Concept-Based Abductive and Contrastive Explanations for Behaviors of Vision Models
Researchers propose concept-based abductive and contrastive explanations that identify minimal sets of high-level concepts causally relevant to vision model predictions. The approach combines human-interpretable concept-based explanations with formal causal reasoning, enabling better understanding of both individual predictions and common model behaviors across image collections.
This research addresses a fundamental challenge in AI interpretability: explaining deep neural network decisions in ways that humans can understand and verify. Traditional concept-based explanations lack formal causal grounding, while formal abductive methods operate only on low-level pixel features. The proposed framework bridges this gap by establishing causal relationships between abstract, human-understandable concepts and model outputs through concept erasure procedures.
The work emerges from growing demands for transparency in AI systems, particularly as vision models are deployed in high-stakes applications like medical imaging, autonomous systems, and content moderation. Current explanation methods either sacrifice precision for interpretability or vice versa, limiting their practical utility. By computing minimal explanations—only the essential concepts needed to explain outcomes—the approach provides more efficient and trustworthy interpretations than existing alternatives.

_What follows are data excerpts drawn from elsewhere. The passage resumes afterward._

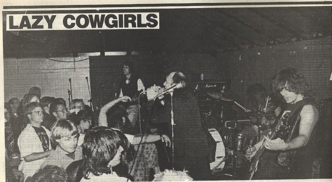 This is from a 1988 LAZY COWGIRLS show live at the Anti-Club in Los Angeles, scanned from Australian fanzine B-SIDE in ‘89. Their shows there and at Raji’s were blessed monthly events that carloads of folks from Santa Barbara, where I went to school, would caravan down for.
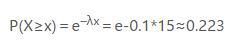 例子:某冰箱生产厂的冰箱平均10年出现大的故障,且故障发生的次数服从泊松分布,求: (1)该冰箱使用15年后还没有出现大故障的比例; (2)如果厂家想提供大故障免费维修的质量担保,但不能超过全部产量的20%,试确定提供担保的年数。 解: (1)设X为冰箱出现大故障的时间。已知µ=10年,则λ=1/µ=0.1,于是,
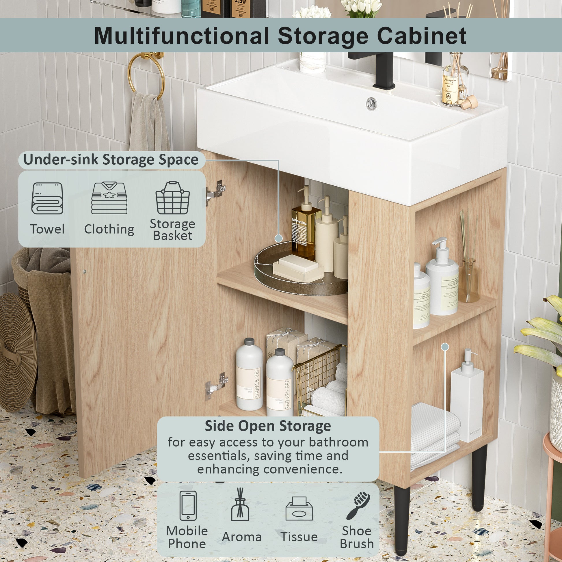 21.6" Wood Bathroom vanity, Combo Cabinet, Bathroom Storage Cabinet, Single Ceramic Sink, Right side storage
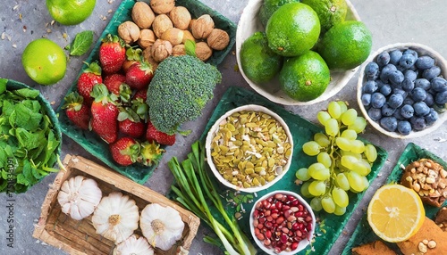 Imagen de mucha fruta y verduras frescas en diferentes bandejas. alta calidad hd, detalles y texturas
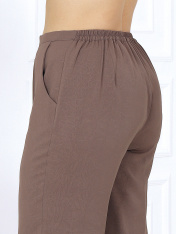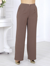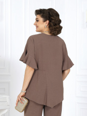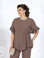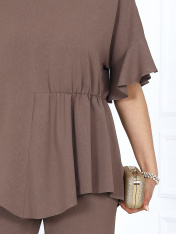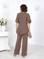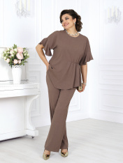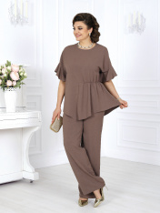 7493 Комплект брючный Костюм идеально подойдёт для офиса, деловых встреч, летних мероприятий и даже вечерних торжеств. Благодаря продуманному крою и мягкому крэш-полотну, костюм не только подчеркивает фигуру, но и создаёт правильный силуэт, визуально вытягивая и стройня силуэт. Комплект брючный 2-х предметный, состоящий из блузки и брюк. Блузка полуприлегающего силуэта, выполнена из крэш-полотна. Модель с цельнокроеным рукавом и асимметричным низом, оформленным углами по середине переда и спинки. В левой части переда обработан прямоугольный подрез, переходящий на спинку и сосборенный по линии талии на узкую эластичную ленту. Горловина округлой формы, окантована косой бейкой из основной ткани. Низ короткого рукава оформлен фигурным воланом. Длина блузки – 74 см (48-56 р-р); длина рукава (от горловины) – 36 см (48 р.), 37 см (50 р.), 38 см (52 р.), 39 см (54 р.), 40 см (56 р.). Брюки классические, длинные, с посадкой на талии, выполнены из крэш-полотна. Модель без стрелок. Передние и задние половинки брюк с талиевыми вытачками, направленными от пояса вниз. Спереди обработаны наклонные боковые карманы и центральная застёжка на тесьму-«молнию». Притачной пояс застегивается на 1 петлю и 1 пуговицу; для лучшего прилегания по линии талии в притачном поясе предусмотрена эластичная лента, вставленная по спинке. Длина брюк по боковому (с поясом) -- 108 см.
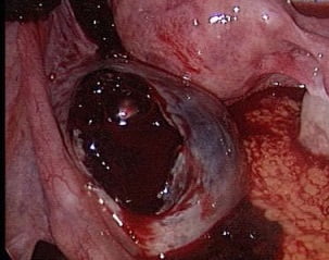 В некоторых случаях лапароскопическая картина не позволяет определить причину разрыва яичника, а лишь устанавливает его наличие. Противопоказаниями к проведению лапароскопии служат выраженный хронический спаечный процесс и большое кровотечение (геморрагический шок и потеря сознания). При наличии таковых приходится прибегать к стандартному лечебно-диагностическому способу — лапаротомии.
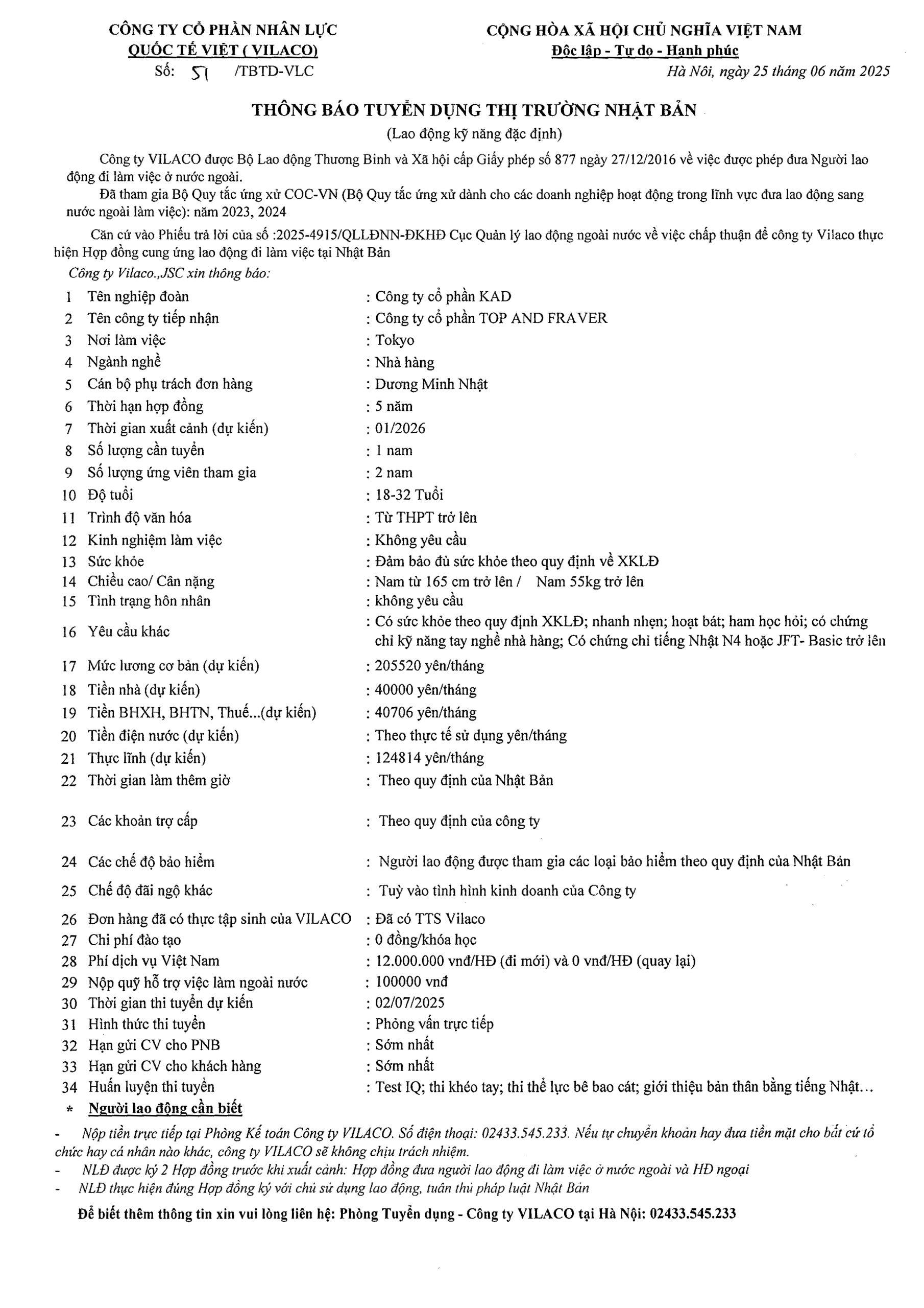 By admin 25/06/2025 No Comments 51/2025 TBTD-VLC: Thông báo tuyển dụng Đơn hàng Đặc định ngành Nhà hàng tại tỉnh Tokyo – Nhật Bản
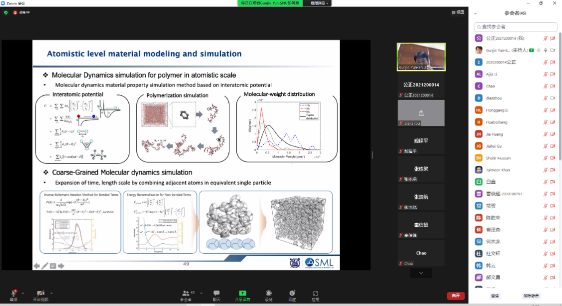 4月8日,Gun-JinYun教授为公司师生作了题为《Multiscalemodeling and analyses for compositematerials》的专题报告。他结合对复合材料多尺度建模和分析方面的研究,首先对经典的微观力学理论以及对微观模型均一化的分析技术和多尺度微观力学的一些建模与分析方法进行系统的概述。之后,Gun-JinYun教授通过多尺度建模与分析的实际案例对本次专题报告做了总结概括。
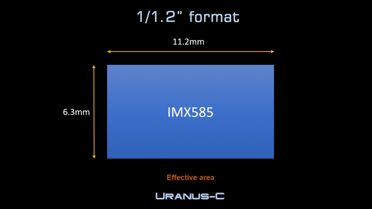 Uranus-Cには、最新のSTARVIS 2テクノロジーを採用した裏面照射型のSONY製IMX585センサーが搭載されています。大型の1/1.2型フォーマットで一度に広い範囲を撮影するのに適しており、1ピクセル四方は2.9μm、約840万画素の高精細な画像が得られます。近赤外線にも高い感度を持っているため、様々なフィルターワークに対応し、天体撮影や電視観望の幅を広げることができます。電視観望や月、惑星撮影に特に適したセンサーです。
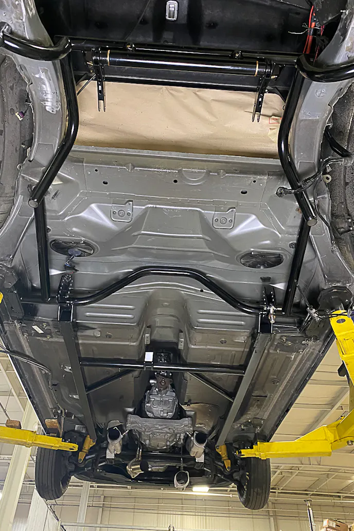 “So, we came up with a complete package. It’s a fabricated nine-inch rear that allows you to run a nine-inch, nine-and-a-half, or ten-inch ring and pinion that uses our custom alloy axles. The subframe assembly has an anti-roll and torque arm to help plant the power and the subframe connector runs up to the front of the car to help transfer the load. This allows the chassis itself to get a really good bite when you launch the car and you don’t have to worry about anything breaking.
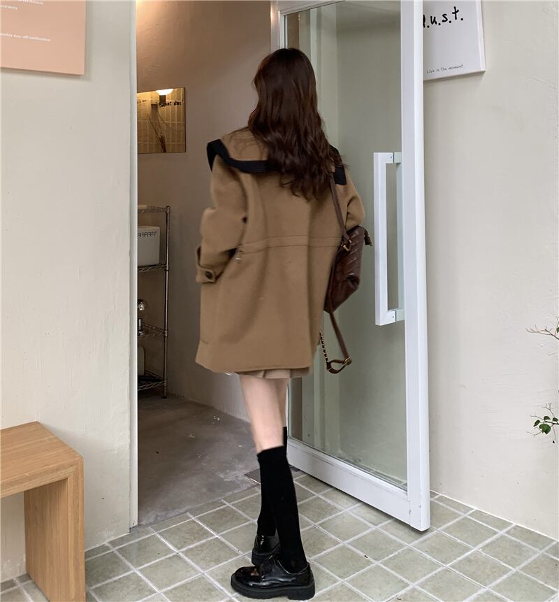 【送料無料】2色 アウター コート レディース 長袖 茶 モカブラウン 黒 ブラック 無地 セーラーカラー ミドル丈 膝上 大人カラー シンプル かわいい おしゃれ 大人女子 こなれ感 お洒落 個性的 存在感 10代 20代 30代 通勤 休日 お出かけ 学生 女子会 韓国系 お揃い 双子コーデ ファッション コーデ インスタ映え 人気 普段使い 大人可愛い ガーリー 主役級 ラブリー キュート デート db2095
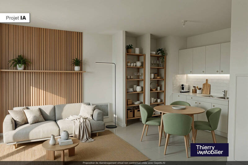 L'appartement comprend une pièce de vie ouverte sur cuisine, deux chambres confortables et une salle d'eau moderne.
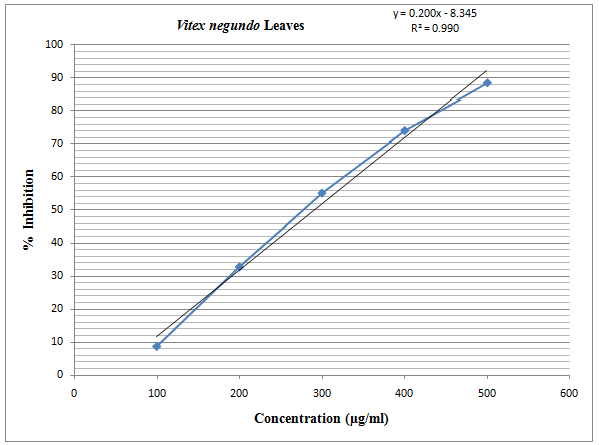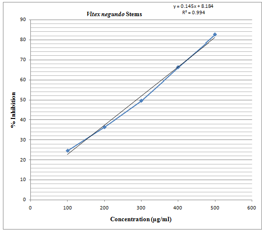 The DPPH assay is extensively used for the evaluation of free-radical scavenging potential of antioxidative compounds. DPPH is a stable nitrogen-centered free radical the color of which changes from violet to yellow upon reduction by either the process of hydrogen or electron donation. Substances which are able to perform this reaction can be considered as antioxidants and therefore radical scavengers [22]. In the present study, the crude methanolic extracts of different parts of Vitex negundo and Ascorbic acid (IC50 = 16.33 ± 0.325 μg/mL) were shown to serve as potent antioxidant agent or hydrogen donor that can scavenge radicals. It was found that the radical-scavenging activities of all the extracts increased with increasing concentration.
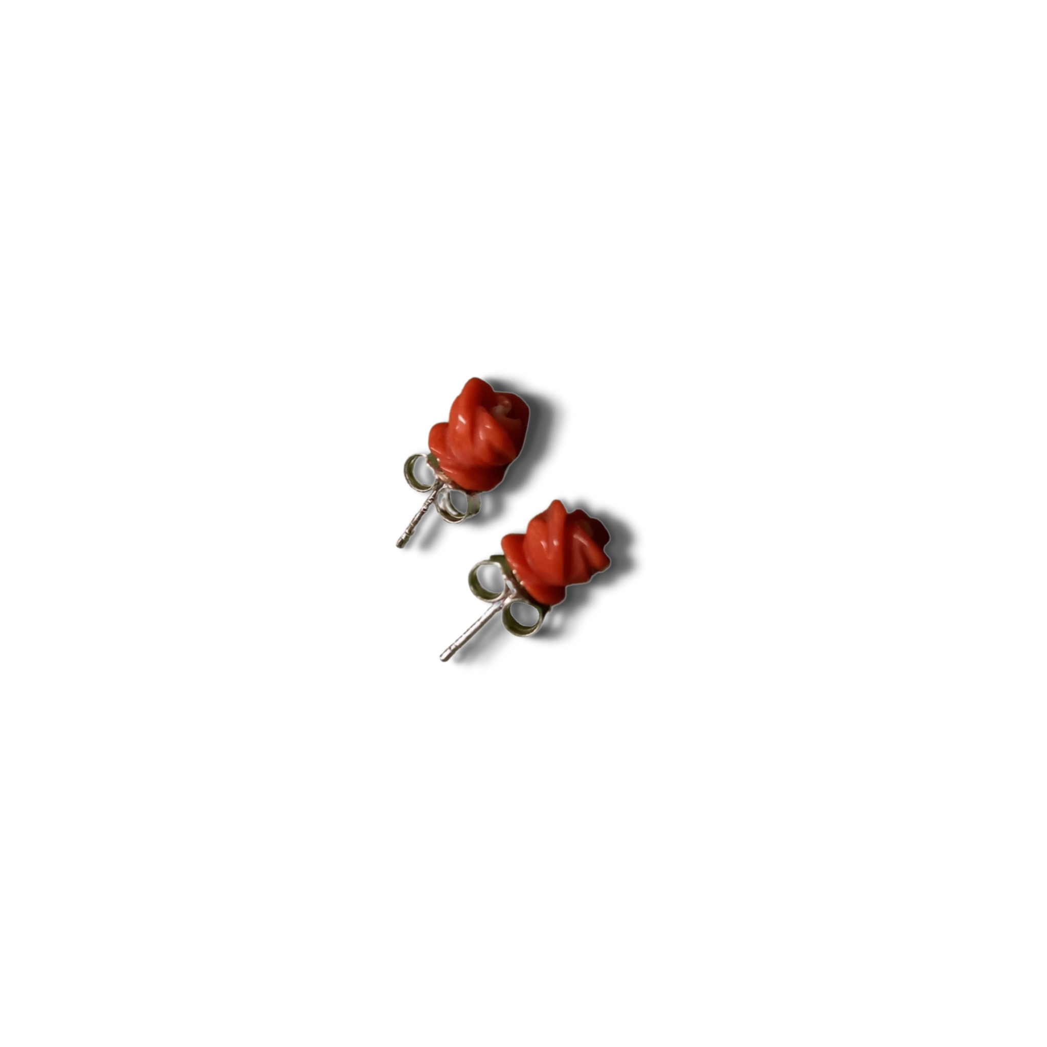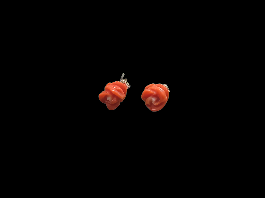 Orecchini in corallo mediterraneo incisi in una rosa e argento 925%
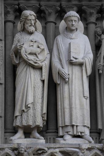 | Keywords: Saint Jean Baptiste Saint Etienne Notre Dame Paris a.jpg en Saint John the Baptist and Saint Stephen Western façade left Portal the Virgin portal of Notre-Dame de Paris France Theses statues are reconstructions from the 19th century of Middle-ages statues fr Saint Jean Baptiste et Saint Etienne Portail gauche façade ouest Le portail de la Vierge de Notre-Dame de Paris Ces statues sont des reconstitutions du XIXème siècle de statues du Moyen-Âge own Jebulon 2011-03-13 48 51 11 5 N 2 20 56 4 E Background darkened and blurred A bit sharpening of statues GIMP Statues of Saint John the Baptist in France Statues of Saint Stephen Quality images by Jebulon Quality images of Cathédrale Notre-Dame de Paris Cc-zero QualityImage Details of the Portail de la Vierge |
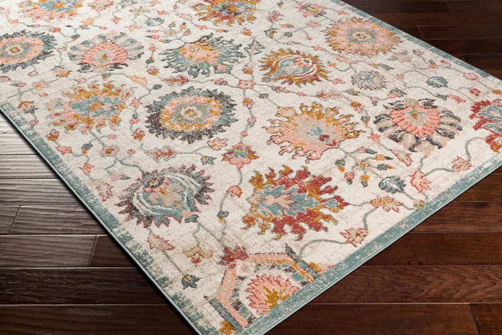 Attributes: floral, synthetic, 100% polypropylene, traditional
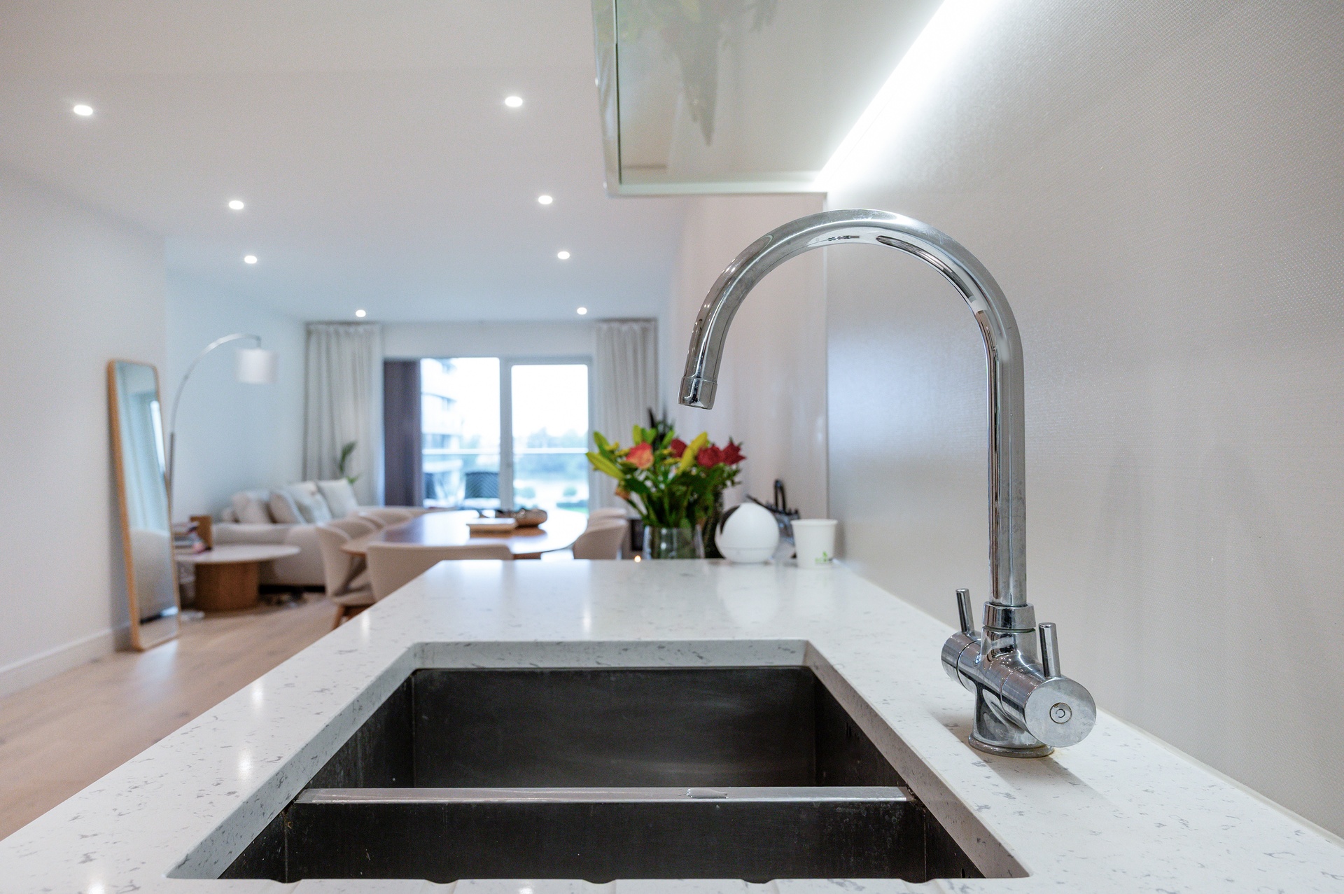 The bespoke designer kitchen is finished to an impeccable standard, featuring tall units, composite stone worktops, a sleek glass splashback, and a full range of high-specification integrated appliances, perfectly suited for modern living.

For practitioners developing vision systems, these methods offer significant value in debugging model behavior, identifying spurious correlations, and understanding failure modes. The ability to explain common behaviors across image collections helps teams detect systematic biases or unexpected decision patterns at scale. This capability strengthens the argument for interpretable AI in regulated industries and increases user trust in automated systems.
The research demonstrates that formal rigor and human interpretability are not mutually exclusive. Future work may extend these concepts to other modalities and explore integration with active learning frameworks, where explanations guide data collection strategies. As regulatory pressure for AI transparency intensifies, concept-based causal explanations could become standard practice in model development and validation workflows.
- →Combines concept-based explanations with formal causal reasoning to identify minimal sets of concepts relevant to model predictions.
- →Uses concept erasure procedures to establish causal relationships between high-level concepts and vision model outputs.
- →Aggregates explanations across image collections to understand common model behaviors and detect systematic patterns.
- →Addresses the interpretability-precision tradeoff by providing both human-understandable and formally rigorous explanations.
- →Enables practical debugging and bias detection at scale for vision systems deployed in sensitive applications.